Формул обобщения в пределах ограниченного региона или в пределах общечеловеческого «Мертвые души» дают значительно меньше, чем формул только что описанного типа.

С этими формулами гармонируют и другие описательные и стилистические приемы. Таково переключение от какого-либо конкретного свойства персонажа к национальной субстанции в целом. «Тут много было посулено Ноздреву (Чичиковым) всяких нелегких и сильных желаний… Что ж делать? Русской человек, да еще и в сердцах», «Чичиков… любил быструю езду. И какой же русский не любит быстрой езды?» Чичиков нередко объединяется в чувстве, в переживании, в душевном свойстве со всяким русским.

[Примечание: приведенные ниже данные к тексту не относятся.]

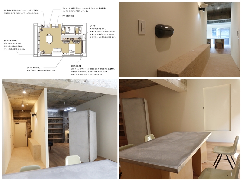 202(専有面積47.13m2 賃料11万5000円)を手掛けたのは履物職人であり、ギャラリーオーナーであるAA関塚さん。玄関から伸びるベンチのある廊下はモルタル掻き落とし。調べてみるとこれは一般的には外壁、デザインウォールなどで使われる技法で、その技術を使ってここでは玄関と廊下、ベンチが一体的に作られている。向かいに風呂があるので風呂上りに裸足で歩くと気持ち良さそうだ。

Поэма изобилует также нравоописательными или характерологическими рассуждениями, имеющими своим предметом общерусский масштаб. Обычно они включают в себя оборот «на Руси»: «На Руси же общества низшие очень любят поговорить о сплетнях, бывающих в обществах высших…», «Должно сказать, что подобное явление редко попадается на Руси, где все любит скорее развернуться, нежели съежиться…» Гоголь мыслит общенациональными категориями; отсюда преобладание «общих» примет (называние национальностей, притяжательных местоимений), которые в ином контексте действительно не имели бы никакого значения, но в данном случае выполняют обобщающе-смысловую функцию.

В. Белинский пишет: «При каждом слове его поэмы читатель может говорить: «Здесь русский дух, здесь Русью пахнет».

«При каждом слове» — это не преувеличение, русский пространственный масштаб создается в поэме «каждым словом» ее повествовательной манеры.

В «Мертвых душах» есть, конечно, характеристики заключения общечеловеческого, общемирового масштаба о ходе мировой истории (в X главе), о свойстве людей передавать бессмыслицу, «лишь бы она была новость"(VIII глава), и т. д.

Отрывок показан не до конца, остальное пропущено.